Segment Start: GIVEN DATA
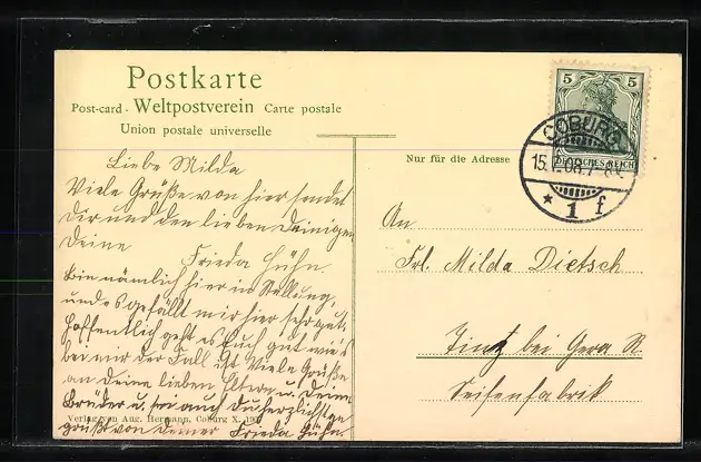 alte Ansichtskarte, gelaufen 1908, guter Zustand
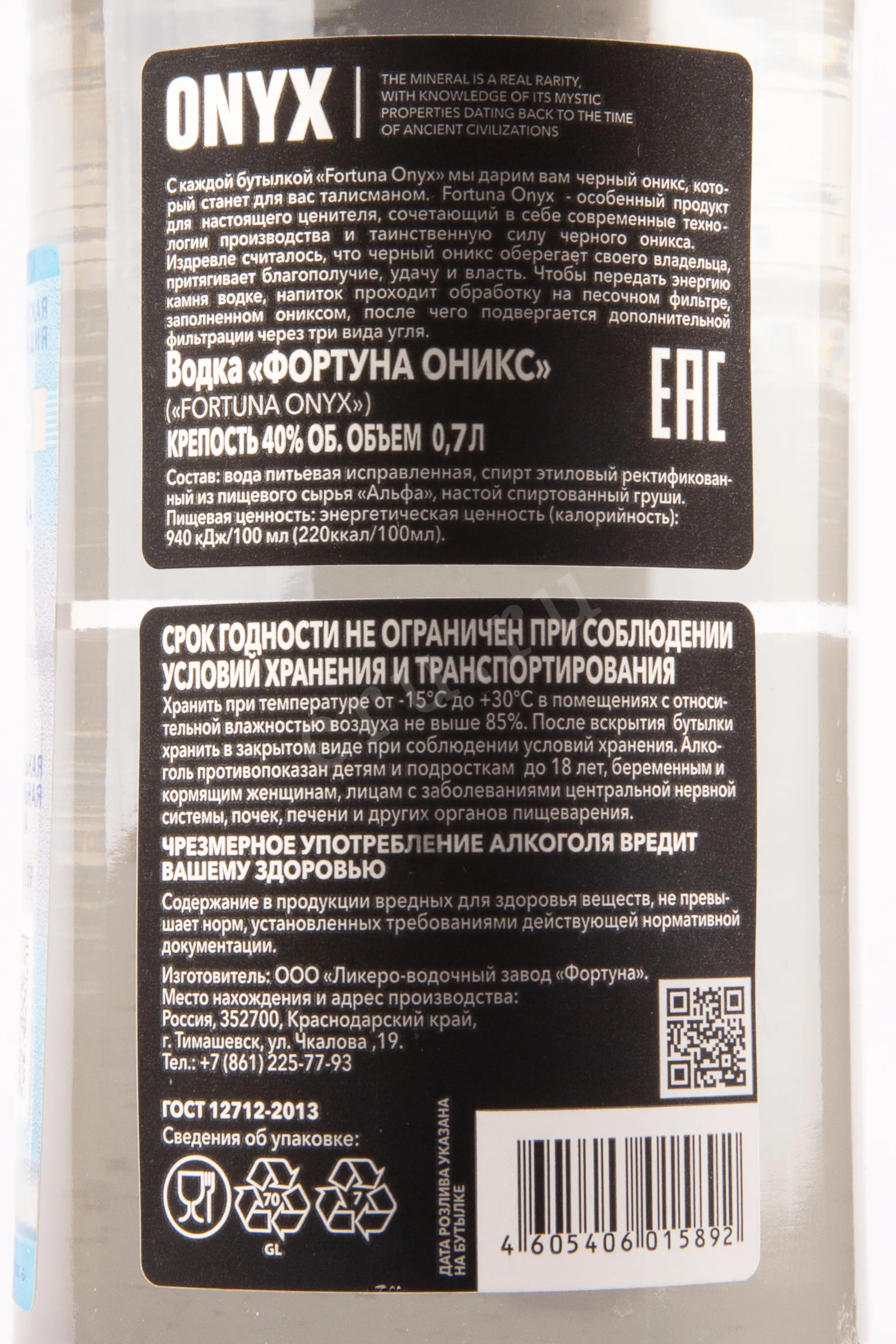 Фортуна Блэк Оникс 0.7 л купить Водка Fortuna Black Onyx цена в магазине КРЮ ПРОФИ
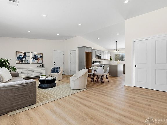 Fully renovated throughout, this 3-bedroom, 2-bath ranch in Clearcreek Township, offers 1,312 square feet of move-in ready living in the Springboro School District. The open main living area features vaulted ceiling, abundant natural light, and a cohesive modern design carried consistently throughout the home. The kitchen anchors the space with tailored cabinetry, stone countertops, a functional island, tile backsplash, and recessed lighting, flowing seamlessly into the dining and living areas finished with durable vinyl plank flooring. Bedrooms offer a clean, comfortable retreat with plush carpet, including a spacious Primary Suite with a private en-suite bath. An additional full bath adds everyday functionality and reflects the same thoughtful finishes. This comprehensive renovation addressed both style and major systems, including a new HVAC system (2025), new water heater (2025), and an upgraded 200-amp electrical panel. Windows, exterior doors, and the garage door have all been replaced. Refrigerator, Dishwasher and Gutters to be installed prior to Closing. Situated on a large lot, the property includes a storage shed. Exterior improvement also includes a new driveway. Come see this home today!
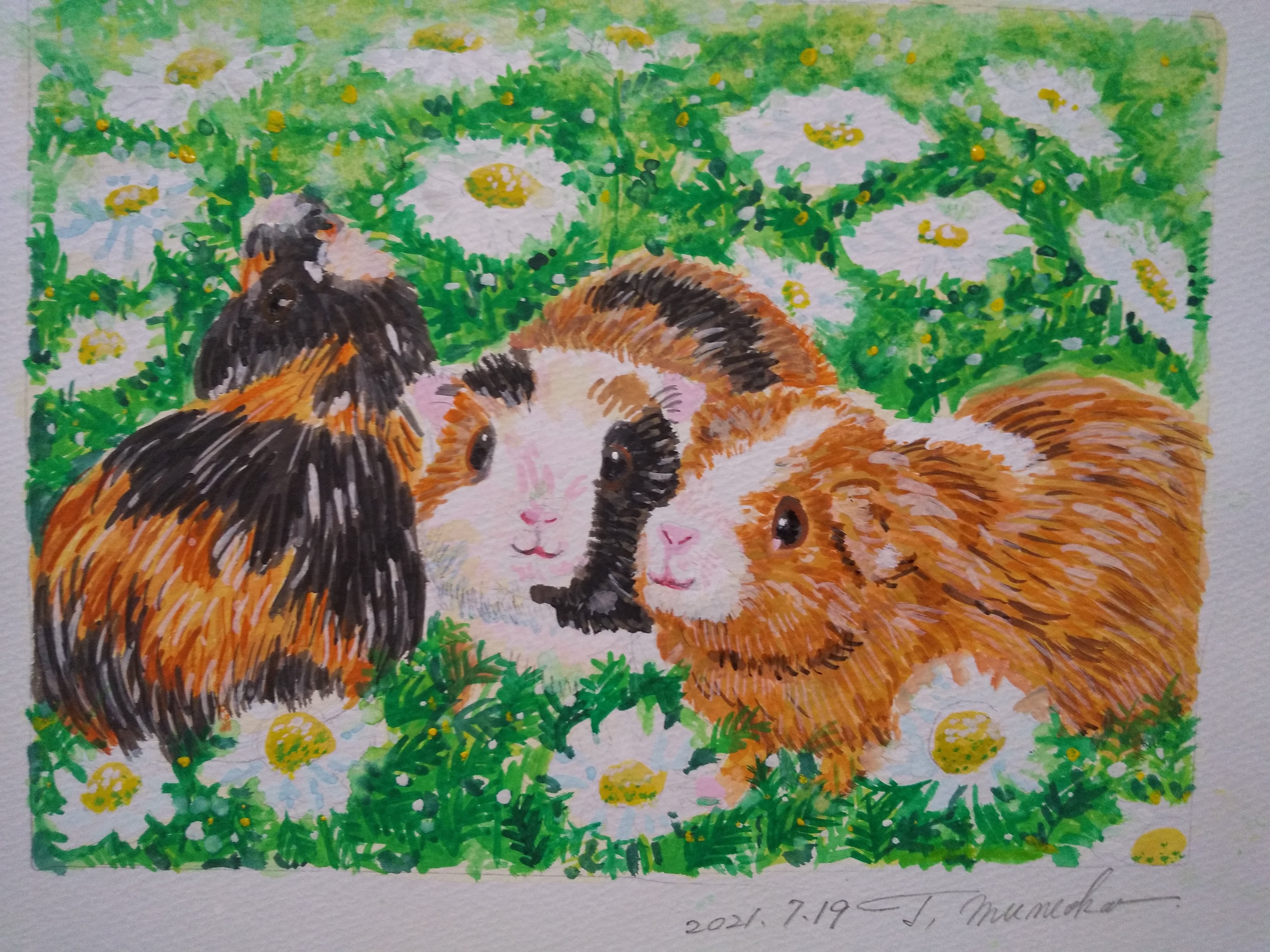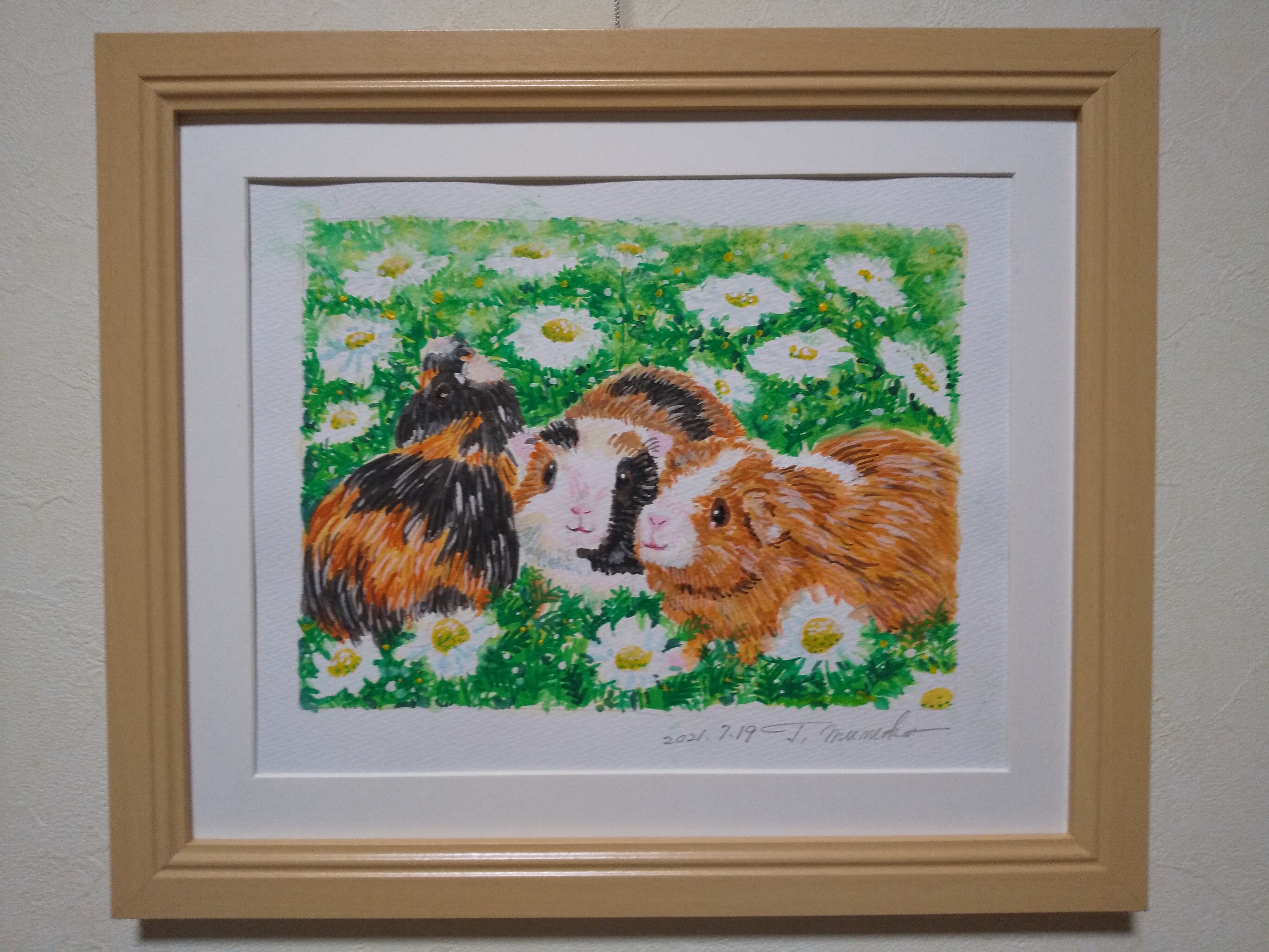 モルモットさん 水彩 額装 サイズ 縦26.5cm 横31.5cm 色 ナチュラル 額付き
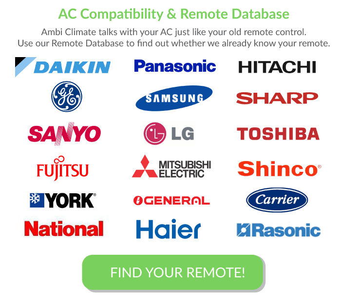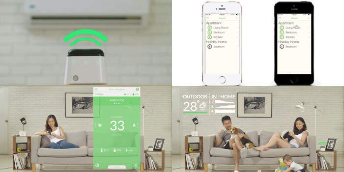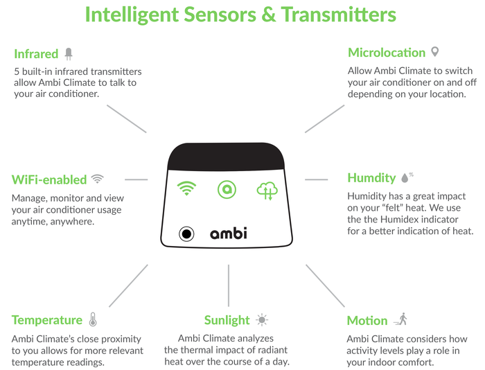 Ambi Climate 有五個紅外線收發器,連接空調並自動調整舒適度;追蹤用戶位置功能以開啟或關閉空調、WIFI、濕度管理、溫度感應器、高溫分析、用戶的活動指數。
Segment End: GIVEN DATA
TASK DESCRIPTION:
Exact copy, no pictures: please print the data above once more.

REPLY:
 alte Ansichtskarte, gelaufen 1908, guter Zustand
 Фортуна Блэк Оникс 0.7 л купить Водка Fortuna Black Onyx цена в магазине КРЮ ПРОФИ
 Fully renovated throughout, this 3-bedroom, 2-bath ranch in Clearcreek Township, offers 1,312 square feet of move-in ready living in the Springboro School District. The open main living area features vaulted ceiling, abundant natural light, and a cohesive modern design carried consistently throughout the home. The kitchen anchors the space with tailored cabinetry, stone countertops, a functional island, tile backsplash, and recessed lighting, flowing seamlessly into the dining and living areas finished with durable vinyl plank flooring. Bedrooms offer a clean, comfortable retreat with plush carpet, including a spacious Primary Suite with a private en-suite bath. An additional full bath adds everyday functionality and reflects the same thoughtful finishes. This comprehensive renovation addressed both style and major systems, including a new HVAC system (2025), new water heater (2025), and an upgraded 200-amp electrical panel. Windows, exterior doors, and the garage door have all been replaced. Refrigerator, Dishwasher and Gutters to be installed prior to Closing. Situated on a large lot, the property includes a storage shed. Exterior improvement also includes a new driveway. Come see this home today!
 モルモットさん 水彩 額装 サイズ 縦26.5cm 横31.5cm 色 ナチュラル 額付き
 Ambi Climate 有五個紅外線收發器,連接空調並自動調整舒適度;追蹤用戶位置功能以開啟或關閉空調、WIFI、濕度管理、溫度感應器、高溫分析、用戶的活動指數。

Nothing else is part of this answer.